**PROBLEM TO WORK ON:** For the data below, retype word for word the lines from the one containing "Size: L, XL, 2XL, 3XL, 4XL, 5XL-6XL" through the one containing "De gemeenten Bergen, Gennep"; drop the pictures.

**EXERCISE INPUTS:**
★ ★ ★ ★ ★ ★ ★

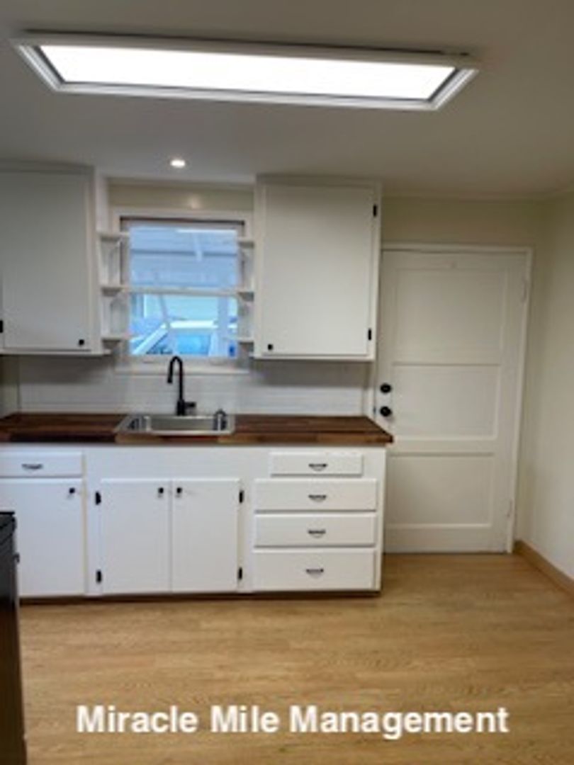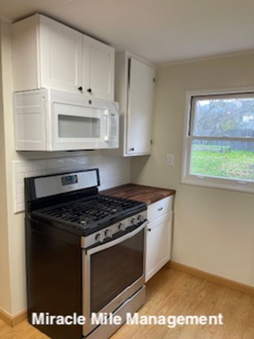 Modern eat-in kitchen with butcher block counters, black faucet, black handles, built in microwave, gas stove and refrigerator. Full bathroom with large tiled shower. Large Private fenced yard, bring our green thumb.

★ ★ ★ ★ ★ ★ ★

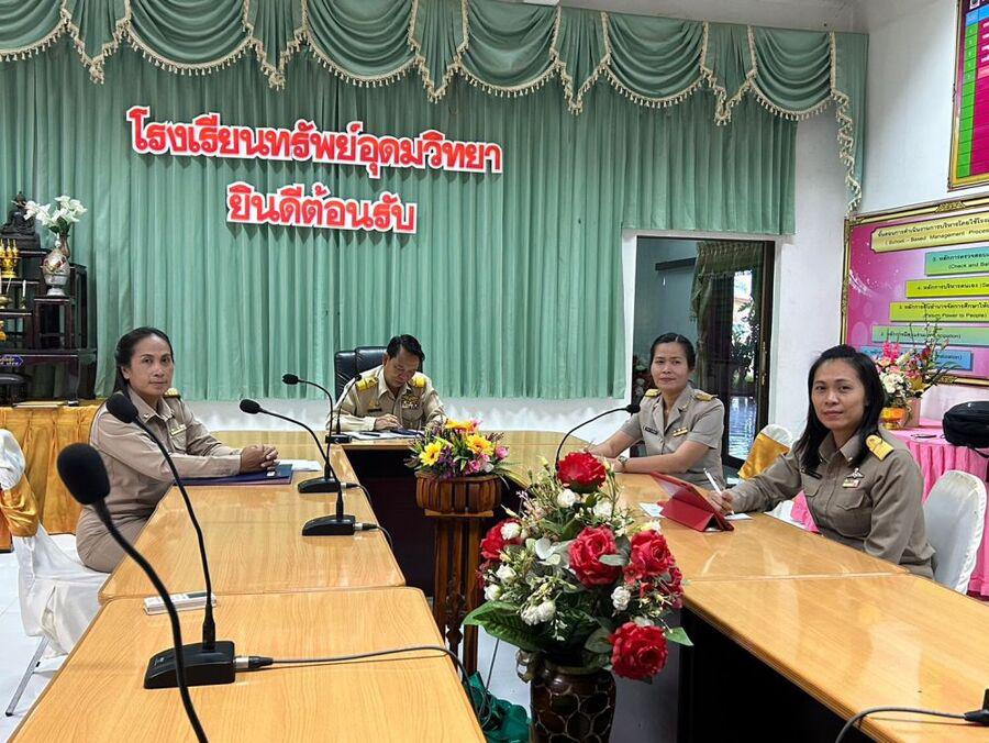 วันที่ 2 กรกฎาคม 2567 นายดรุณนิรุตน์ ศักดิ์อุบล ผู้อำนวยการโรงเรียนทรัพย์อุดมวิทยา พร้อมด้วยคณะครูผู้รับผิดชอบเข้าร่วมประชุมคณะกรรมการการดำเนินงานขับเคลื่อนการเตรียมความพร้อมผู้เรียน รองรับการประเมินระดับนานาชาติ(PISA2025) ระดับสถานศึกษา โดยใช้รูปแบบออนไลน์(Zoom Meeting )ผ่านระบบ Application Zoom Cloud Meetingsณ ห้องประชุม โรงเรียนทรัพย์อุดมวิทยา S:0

★ ★ ★ ★ ★ ★ ★

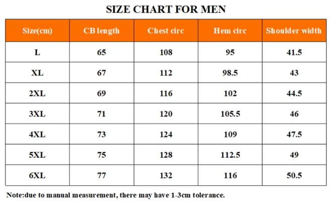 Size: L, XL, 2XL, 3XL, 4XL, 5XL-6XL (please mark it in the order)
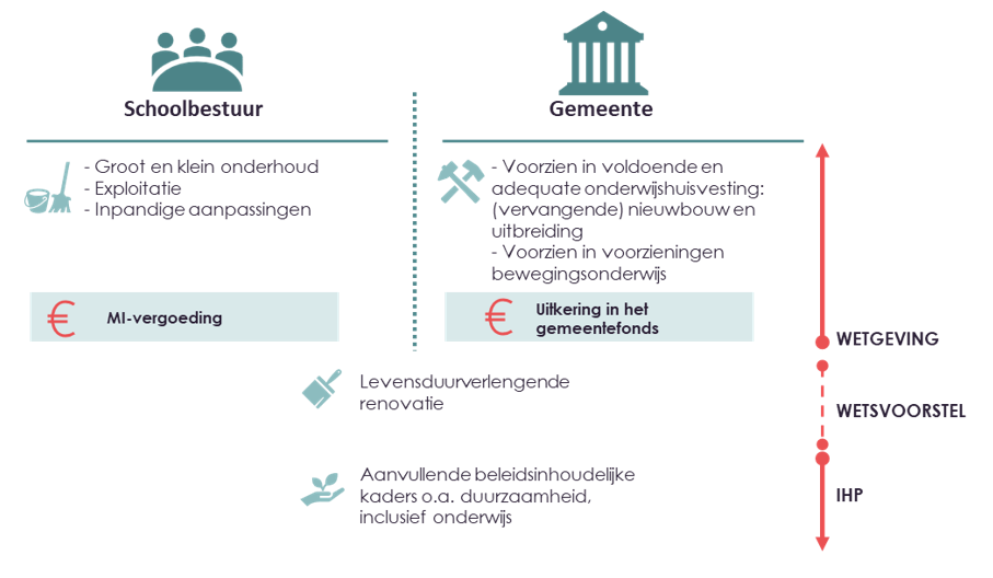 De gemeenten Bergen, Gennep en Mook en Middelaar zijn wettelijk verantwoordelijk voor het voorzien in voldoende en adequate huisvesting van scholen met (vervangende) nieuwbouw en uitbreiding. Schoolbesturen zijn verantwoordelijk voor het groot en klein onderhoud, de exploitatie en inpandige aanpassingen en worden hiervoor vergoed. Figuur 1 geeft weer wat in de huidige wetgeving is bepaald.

★ ★ ★ ★ ★ ★ ★

**ANSWER BELOW:**
 Size: L, XL, 2XL, 3XL, 4XL, 5XL-6XL (please mark it in the order)
 De gemeenten Bergen, Gennep en Mook en Middelaar zijn wettelijk verantwoordelijk voor het voorzien in voldoende en adequate huisvesting van scholen met (vervangende) nieuwbouw en uitbreiding. Schoolbesturen zijn verantwoordelijk voor het groot en klein onderhoud, de exploitatie en inpandige aanpassingen en worden hiervoor vergoed. Figuur 1 geeft weer wat in de huidige wetgeving is bepaald.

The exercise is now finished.